If inputs are 3D images ([C,] D, H, W) Rotate them as a stack of 2D images by the same angle, constraining the rotation direction to the xy plane

class elektronn3.data.transforms.transforms.RandomSlicewiseTransform(transform, prob=0.1, inplace=True)[source]

Bases: object

Wraps any 2D transform and applies it per 2D slice independently in a 3D input-target pair.

Works with any (…, D, H, W) memory layout given that if the target is not None, the last three dimensions of target and input tensors match.

Parameters
  • transform (Callable[[ndarray, ndarray], Tuple[ndarray, ndarray]]) – transform that works on 2D slices

  • prob (float) – Probability with which each slice is chosen to transformed by the specified transform.

Example:

Here we replace each slice by zeros with p=0.1. This has an effect
similar to the "missing section" augmentation described in
https://arxiv.org/abs/1706.00120.

>>> def zero_out(inp, target): return inp * 0, target
>>> t = RandomSlicewiseTransform(zero_out, prob=0.1)
class elektronn3.data.transforms.transforms.RemapTargetIDs(ids, reverse=False)[source]

Bases: object

Remap class IDs of targets to a new class mapping. If ids is a dict, it is used as a lookup table of the form orig_id -> changed_id. Each occurence of orig_id will be changed to changed_id. If ids is a list (deprecated), a dense remapping is performed (the given ids are remapped to [0, 1, 2, …, N - 1], where N is len(ids)). E.g. if your targets contain the class IDs [1, 3, 7, 9] but you are only interested in classes 1, 3 and 9 and you don’t want to train a sparse classifier with useless outputs, you can use RemapTargetIDs([1, 3, 9]) to translate each occurence of IDs [1, 3, 9] to [0, 1, 2], respectively.

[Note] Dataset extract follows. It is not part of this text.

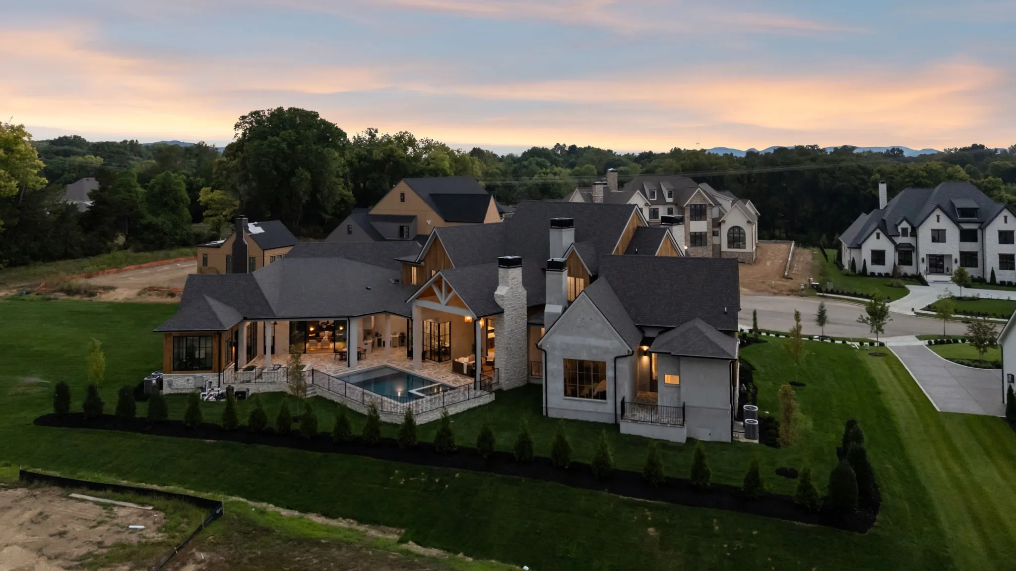 Your Dream Home Awaits on a large .97 acre homesite in convenient Brentwood location, minutes to shopping, restaurants and interstate. No detail has been missed from the Pool to the Greenhouse/Art Studio. Step into timeless elegance in the prestigious Primm Farm community, in this exclusive enclave of just 24 estate homesites. This magnificent masterpiece, built by Award Winning Landon Development, is the epitome of refined living, offering an unparalleled blend of luxury, comfort, and charm. From the moment you enter, you’ll be captivated by the grandeur—3 spacious bedrooms on the main level, a chef’s dream kitchen with dual islands, a 36” refrigerator & separate freezer, and a wine room perfect for intimate gatherings. Entertain in style with multiple covered porch/courtyard areas and an outdoor kitchen and outdoor fireplace leading to the pristine pool. Unwind in the primary suite, complete with a cozy fireplace, a spa-inspired bath with a sauna, and a private coffee/beverage bar. An elevator effortlessly connects both levels, while a main level exercise room and a media room with a wet bar ensure every convenience is met. Warm and cozy upstairs suites have their own private baths and walk-in closet. A bonus bunk area and loft for homework or reading complete the upstairs. No detail is overlooked—vaulted & 10′ ceilings, laundry/craft room with a built-in desk and dog wash, solid core doors, a 4-car garage with epoxy floors and quick access to the exercise room, and dual staircases complete this masterpiece. Don’t miss the large yard that is perfect to add an impressive sports court, in-ground trampoline or playset. Too many exquisite features to list—this extraordinary home is a must-see!

If reverse=True, the mapping is inverted (useful for converting back to original mappings).

class elektronn3.data.transforms.transforms.SmoothOneHotTarget(out_channels, smooth_eps=0.0)[source]

Bases: object

Converts target tensors to one-hot encoding, with optional label smoothing.

Parameters
  • out_channels (int) – Number of target channels (C) in the data set.

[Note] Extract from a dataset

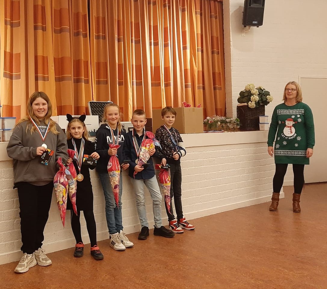 Antoon, lid van de schaakvereniging Bedum, kwam ons de hele middag helpen. Bram mocht niet meedoen maar hielp wel bij de rondes. Hartverwarmend was de hulp van Eline en Noa die de jeugdschakers professioneel hielpen bij vragen tijdens de partij en bij het bijhouden van de uitslagen. Gerda is nu volleerd indeler bij schaaktoernooien na deze middag. Zonder jullie hulp hadden de kinderen niet zo’n geweldige middag gehad. Ook de ouders deden erg enthousiast mee. Maar het feest was vooral voor de kinderen.
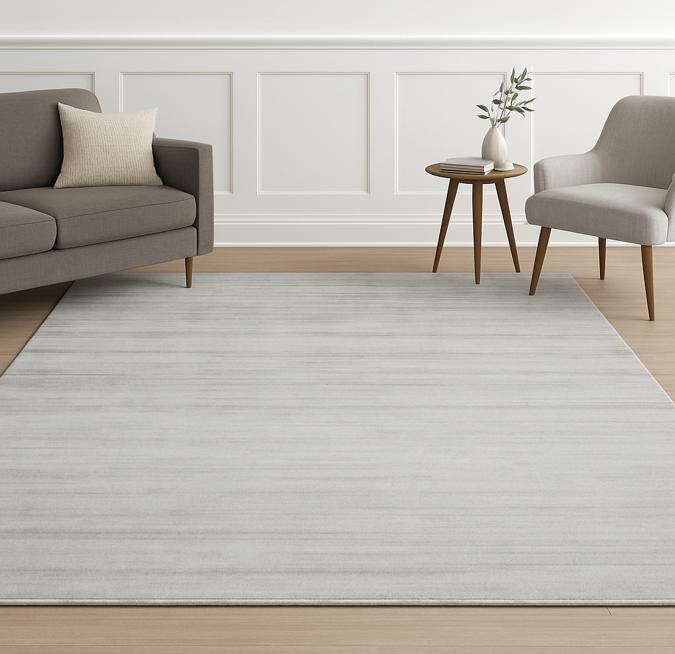 Like a serene morning mist, the lustrous grey TUNGSTEN rug drapes your floor and becomes the quiet hero of your home. As the anchor of your space, it seamlessly merges with your surroundings and serves as the perfect backdrop for your light furniture and decor. This is a Medium size rug with dimensions as follows: 6' 9 x 4' 9 ft.

  • smooth_eps (float) – Label smoothing strength. If smooth_eps=0 (default), no smoothing is applied and regular one-hot tensors are returned. See section 7 of https://arxiv.org/abs/1512.00567

class elektronn3.data.transforms.transforms.SqueezeTarget(dim)[source]

Bases: object

Squeeze a specified dimension in target tensors.

(This is just needed as a workaround for the example neuro_data_cdhw data set, because its targets have a superfluous first dimension.)